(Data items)
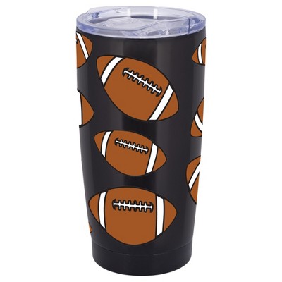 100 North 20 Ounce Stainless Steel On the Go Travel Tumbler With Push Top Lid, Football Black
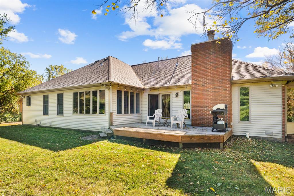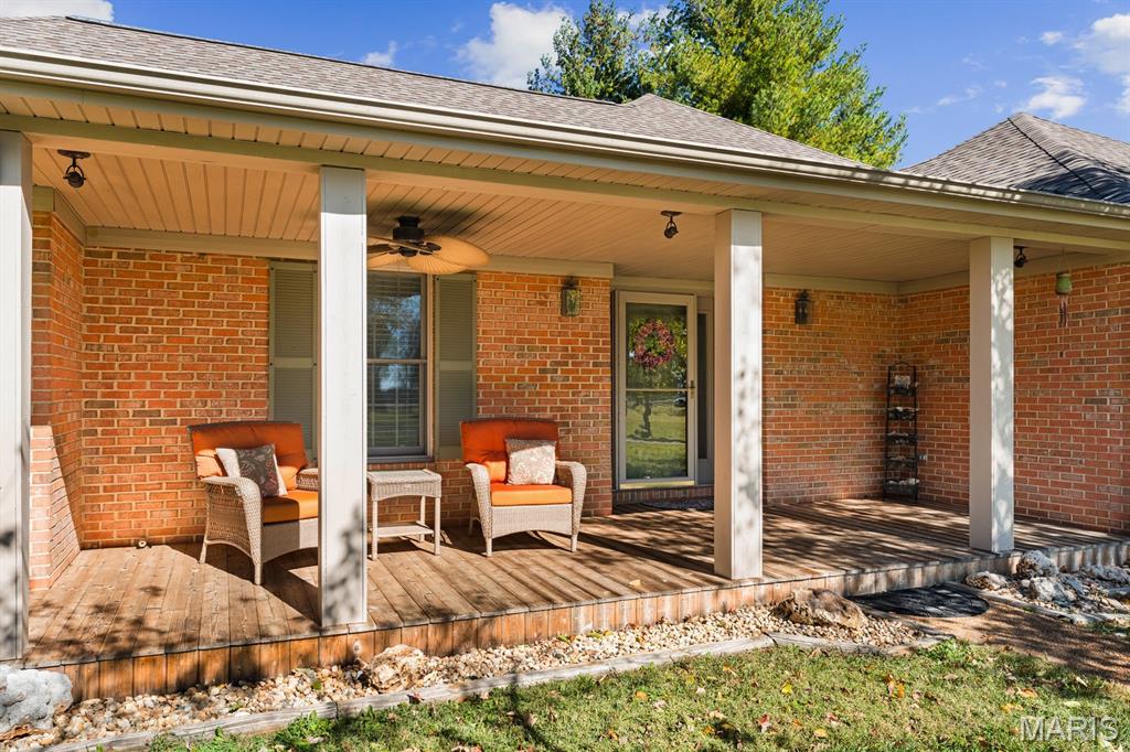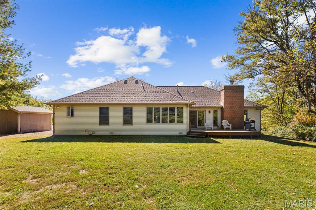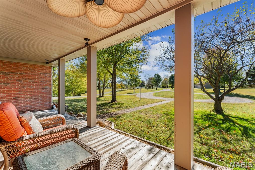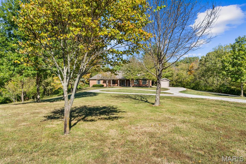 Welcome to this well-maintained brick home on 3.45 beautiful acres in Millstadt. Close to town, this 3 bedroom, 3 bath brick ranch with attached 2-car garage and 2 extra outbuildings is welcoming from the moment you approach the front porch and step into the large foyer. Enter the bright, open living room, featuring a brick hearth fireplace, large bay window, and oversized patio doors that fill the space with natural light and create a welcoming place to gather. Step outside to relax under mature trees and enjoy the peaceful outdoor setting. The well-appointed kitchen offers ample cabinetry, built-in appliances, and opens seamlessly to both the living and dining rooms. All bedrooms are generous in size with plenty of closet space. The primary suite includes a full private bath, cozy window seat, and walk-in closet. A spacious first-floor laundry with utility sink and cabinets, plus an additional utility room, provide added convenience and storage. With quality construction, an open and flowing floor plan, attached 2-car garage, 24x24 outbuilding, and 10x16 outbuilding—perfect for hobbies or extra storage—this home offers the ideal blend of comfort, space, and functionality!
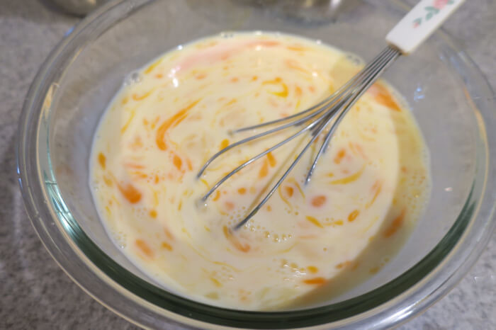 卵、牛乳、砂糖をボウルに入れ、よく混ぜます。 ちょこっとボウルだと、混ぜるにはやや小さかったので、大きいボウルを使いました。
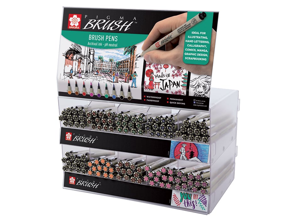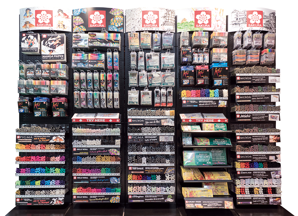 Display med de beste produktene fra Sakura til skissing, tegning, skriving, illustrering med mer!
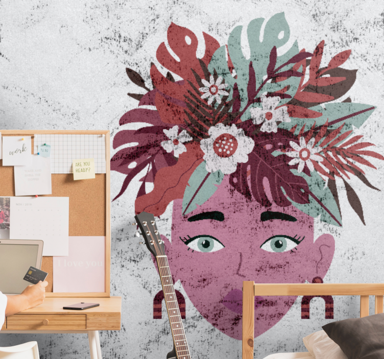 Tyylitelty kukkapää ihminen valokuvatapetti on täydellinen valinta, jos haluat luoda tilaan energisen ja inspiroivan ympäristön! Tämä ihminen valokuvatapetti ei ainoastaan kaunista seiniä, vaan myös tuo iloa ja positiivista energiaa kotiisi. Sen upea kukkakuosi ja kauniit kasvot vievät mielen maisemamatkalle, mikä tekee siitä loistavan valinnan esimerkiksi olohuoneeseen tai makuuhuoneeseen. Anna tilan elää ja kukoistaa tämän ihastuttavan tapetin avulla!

## What the exercise asks
After locating the line containing "卵、牛乳、砂糖をボウルに入れ" in the entries above, repeat only it and each later line through the end, exactly, without any pictures.

## Solved problem
 卵、牛乳、砂糖をボウルに入れ、よく混ぜます。 ちょこっとボウルだと、混ぜるにはやや小さかったので、大きいボウルを使いました。
 Display med de beste produktene fra Sakura til skissing, tegning, skriving, illustrering med mer!
 Tyylitelty kukkapää ihminen valokuvatapetti on täydellinen valinta, jos haluat luoda tilaan energisen ja inspiroivan ympäristön! Tämä ihminen valokuvatapetti ei ainoastaan kaunista seiniä, vaan myös tuo iloa ja positiivista energiaa kotiisi. Sen upea kukkakuosi ja kauniit kasvot vievät mielen maisemamatkalle, mikä tekee siitä loistavan valinnan esimerkiksi olohuoneeseen tai makuuhuoneeseen. Anna tilan elää ja kukoistaa tämän ihastuttavan tapetin avulla!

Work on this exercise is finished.